• [Work instruction]: With the pictures left out, restate exactly the part below that opens with the line containing "Tavolo provenzale tondo" and closes with the line containing "Model Hoco K27".

(Data excerpts)
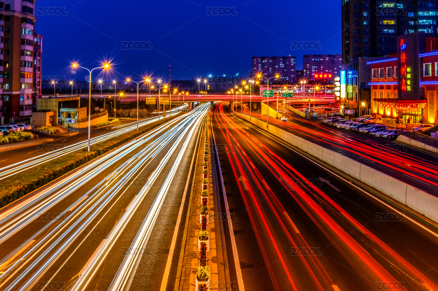 城市建筑夜景风光,飞驰的汽车尾灯形成的光的轨迹
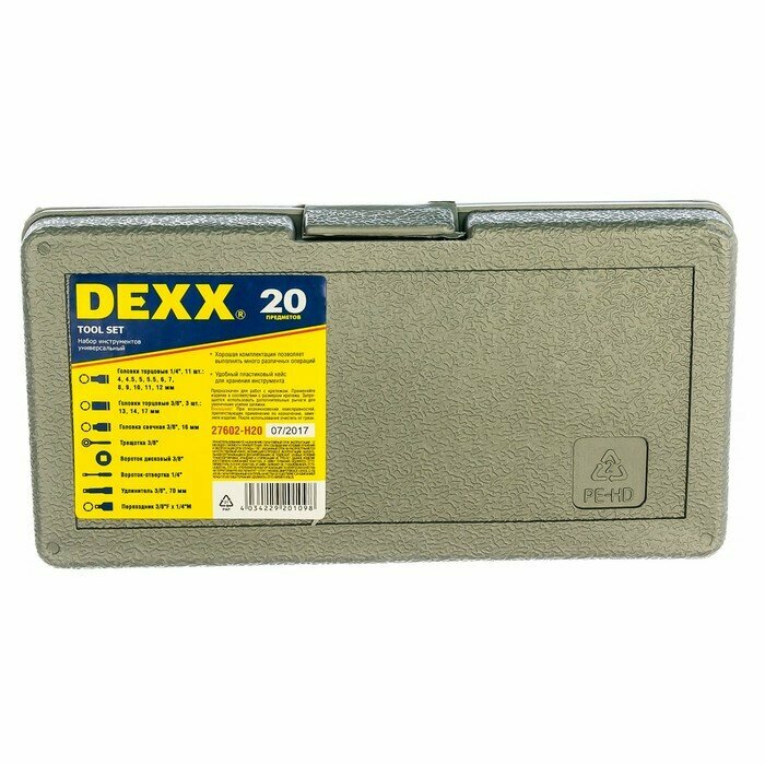 DEXX 20 предм., (3/8″,+ 1/4″), универсальный набор инструмента (27602-H20)
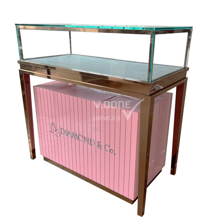 Hot Selling V-DONE JW-034 Elegant Stainless Steel LED Illuminated Glass Display Case Showcase Retail Jewellery Shop Interior
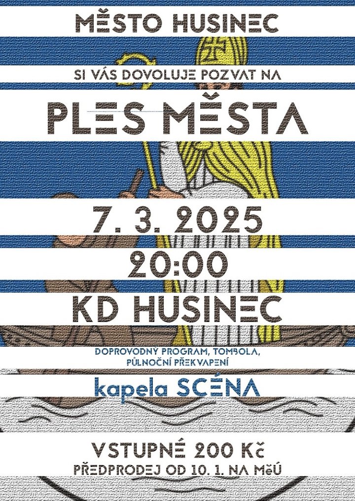 Město Husinec si vás dovoluje pozvat na PLES MĚSTA.
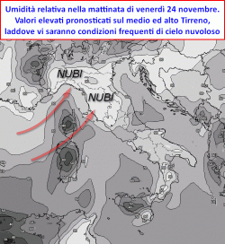 Venerdì 24: nuvolosità persistente lungo il medio ed alto Tirreno, qualche pioviggine su Liguria e Toscana. Altrove addensamenti di passaggio, molto mite.
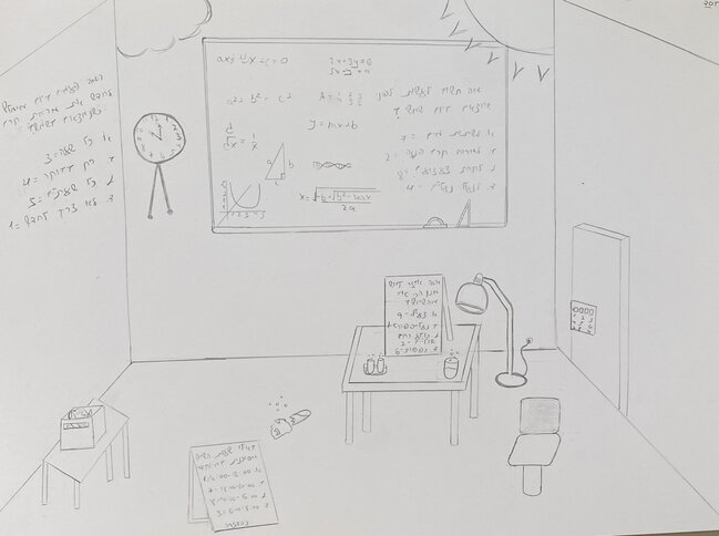 את החדר בריחה עיצבתי בסגנון מעבדה לדוג': לוח ובו מלא חישובים , מנורה חמודה ליד שולחן שעליו מונחות מבחנות ו... אופס! נשברה לי מבחנה אחת שנפלה על הרצפה...
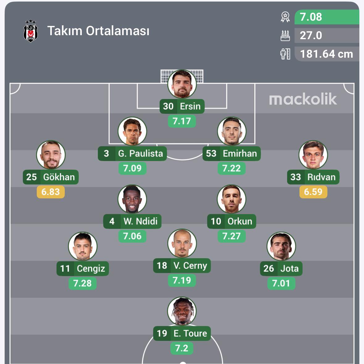 Beşiktaş: Ersin Destanoğlu, Gökhan Sazdağı, Paulista, Emirhan Topçu, Rıdvan Yılmaz, Ndidi, Orkun Kökçü, Cengiz Ünder, Cerny, Jota, Toure
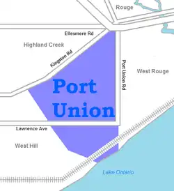 Port Union, also known as Centennial Scarborough is a neighbourhood in Toronto, Ontario, Canada. It is located in the south-east corner of Toronto, within the former suburb of Scarborough. The neighbourhood is bounded by Kingston Road to the north, Port Union Road to the east, the Lake Ontario shoreline to the south, and Highland Creek to the west.
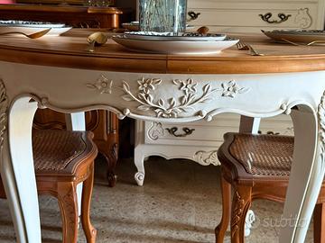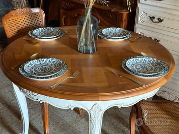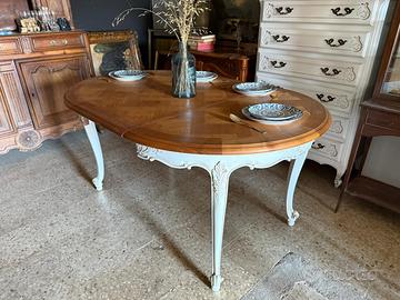 Tavolo provenzale tondo allungabile. Alt 80, diametro 110, allungato 210. Restaurato bianco shabby
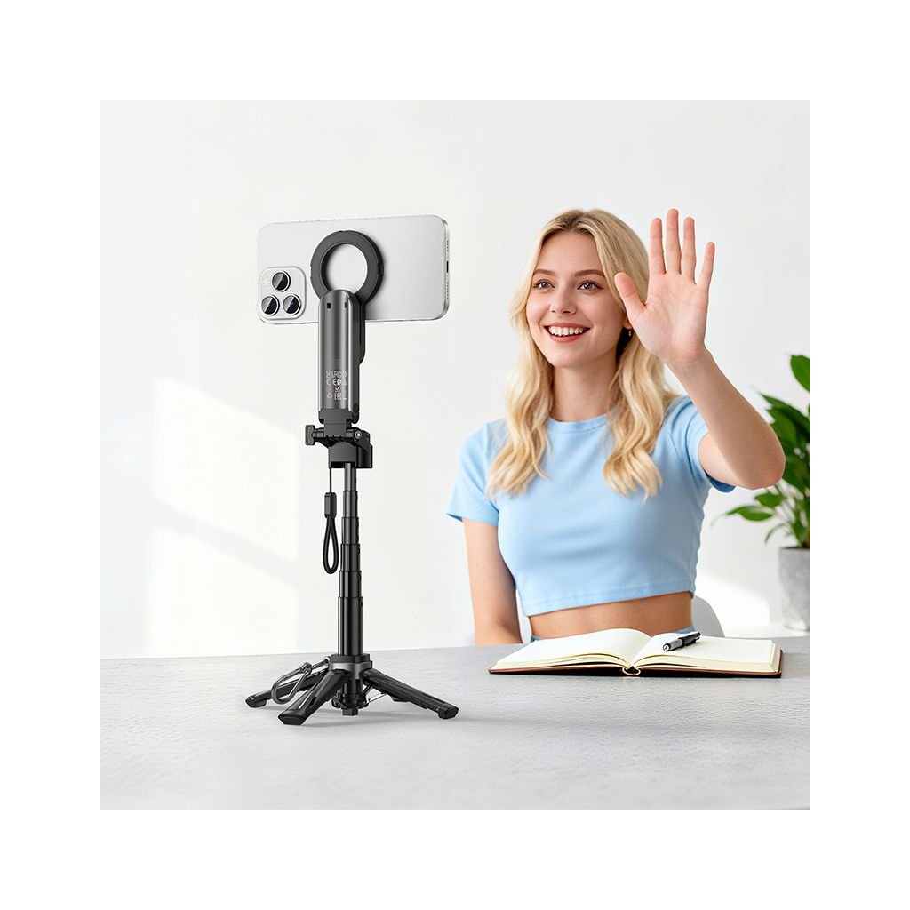 Model Hoco K27 PRO je vhodný pre domáce aj vonkajšie použitie. Konštrukcia umožňuje rýchle nastavenie stojana pre živé vysielanie, fotografie, videá alebo selfie, bez nutnosti držať telefón v ruke.
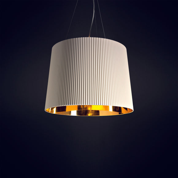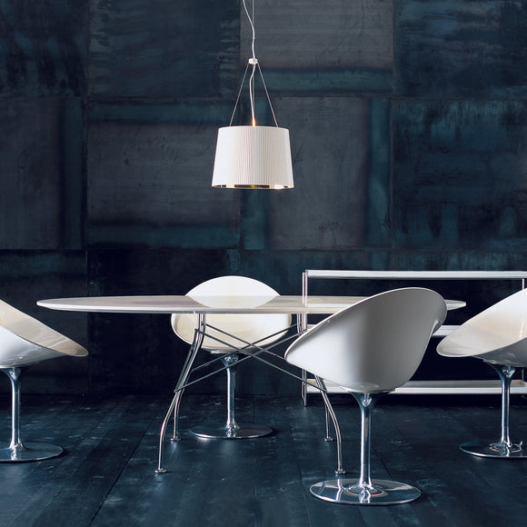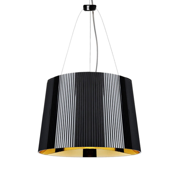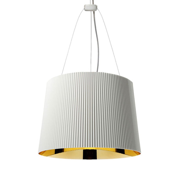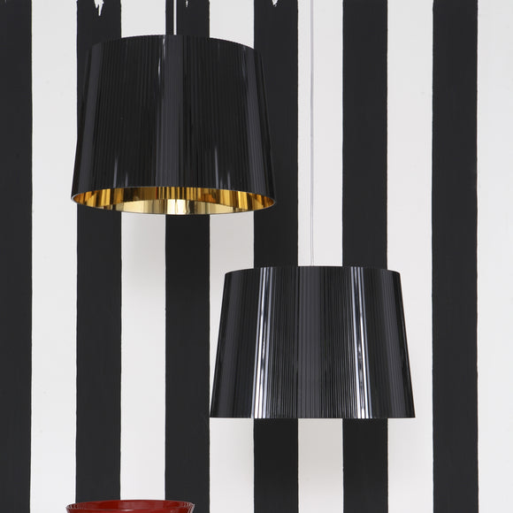 Gè is a suspension lamp fixed to the ceiling with a decorated polycarbonate rosette, whose shape brings to mind antique Venetian chandeliers. It is composed of a lampshade of 141/2 inches in diameter, whose surface is processed into a plissé effect. Made entirely in polycarbonate, Gè is available in two versions. The first comes from the effect of transparency and of its soft, sophisticated colors. The second comes from the effect of white and black combined with gold and with the chrome version. The cable is adjustable in length between 18 and 92 inches.
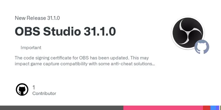 OBS Studio 31.1.0 has been released and introduces various new features and addresses several bug fixes. OBS has updated its code signing certificate, potentially affecting game capture compatibility with specific anti-cheat solutions. The latest updates encompass support for Windows on Arm (WoA), enhanced UI appearance options, preview zoom controls, and the introduction of multitrack video support for macOS and Linux. Additionally, there are new canvases for multitrack video output, AV1 B-frame support for AMF, and capabilities for color format/space/range GPU conversion. The updates also include network optimizations, TCP Pacing, Stream Delay, and a spatial AQ option for VideoToolbox encoders. Furthermore, explicit sync support for PipeWire Screen Capture has been added, along with V4L2 virtual camera support in non-Linux environments and hardware-accelerated browser source support for Linux.
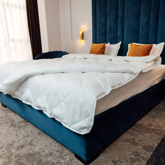 - Densitate: 550 g/mp – un echilibru perfect între confort, izolație termică și lejeritate. Asigură o temperatură constantă și comodă pe tot parcursul anului
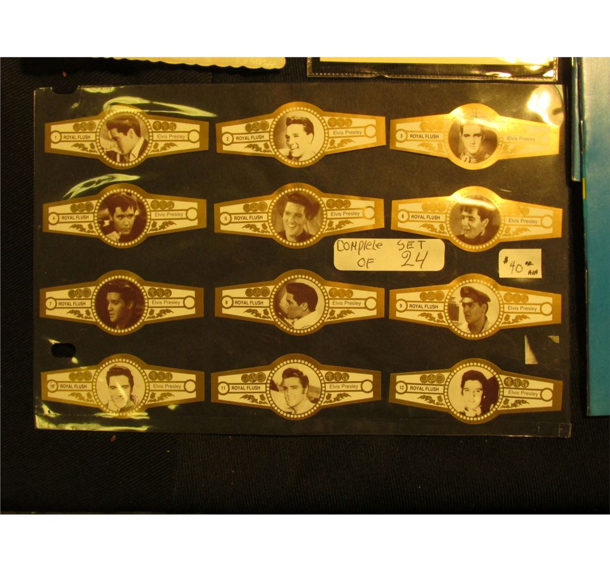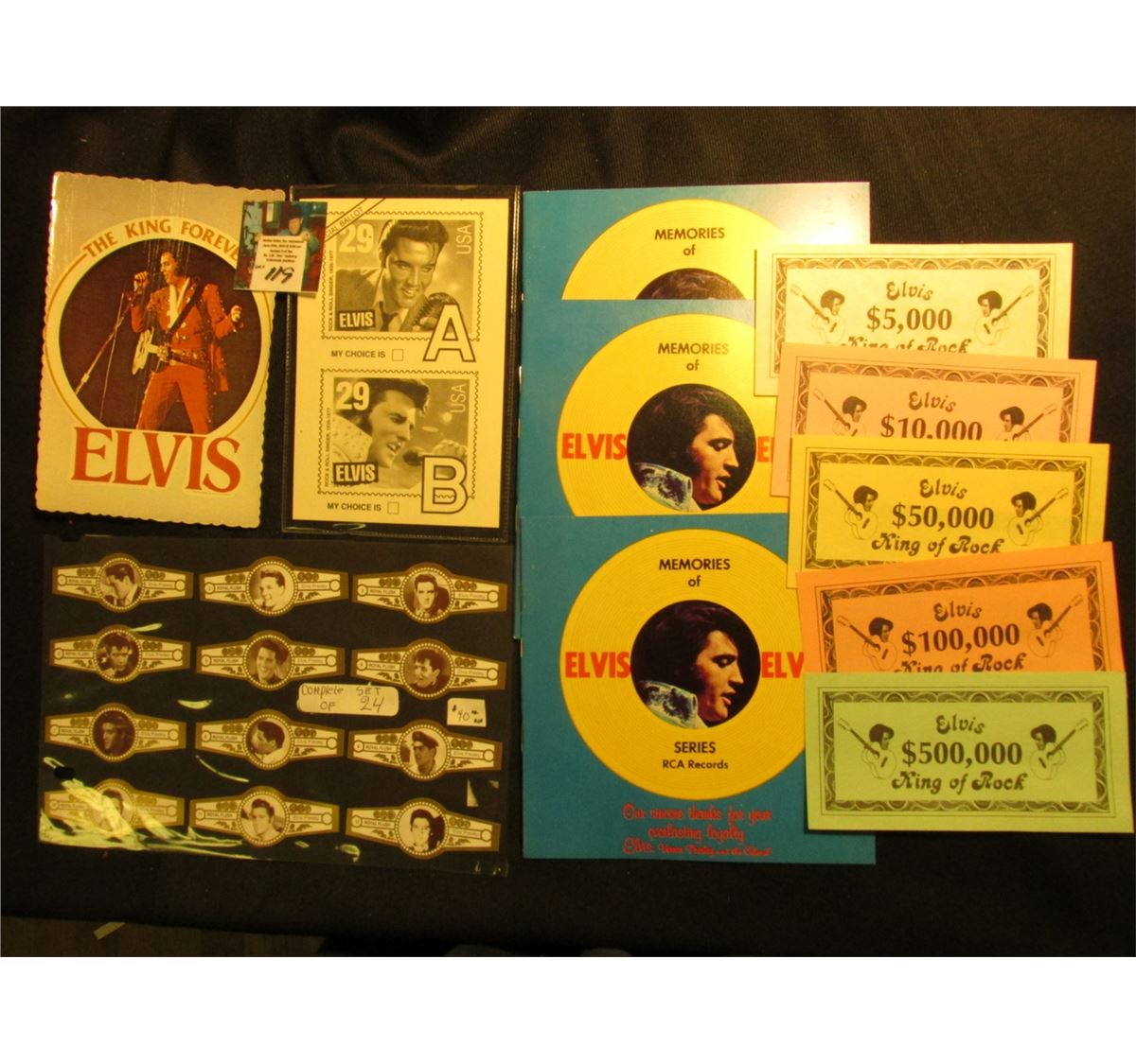 Complete Set of 24 "Royal Flush Elvis Presley" Cigar Bands; 1977 Elvis Presley Post Card; Set of Elvis (Presley) Currency $5,000, $10,000, $50,000, $100,000, & $500,000 notes; Elvis Post Card for ordering Stamps; & (3) "Memories of Elvis Series RCA Records" Promotion Photo Albums.

• [The answer]:
 Tavolo provenzale tondo allungabile. Alt 80, diametro 110, allungato 210. Restaurato bianco shabby
 Model Hoco K27 PRO je vhodný pre domáce aj vonkajšie použitie. Konštrukcia umožňuje rýchle nastavenie stojana pre živé vysielanie, fotografie, videá alebo selfie, bez nutnosti držať telefón v ruke.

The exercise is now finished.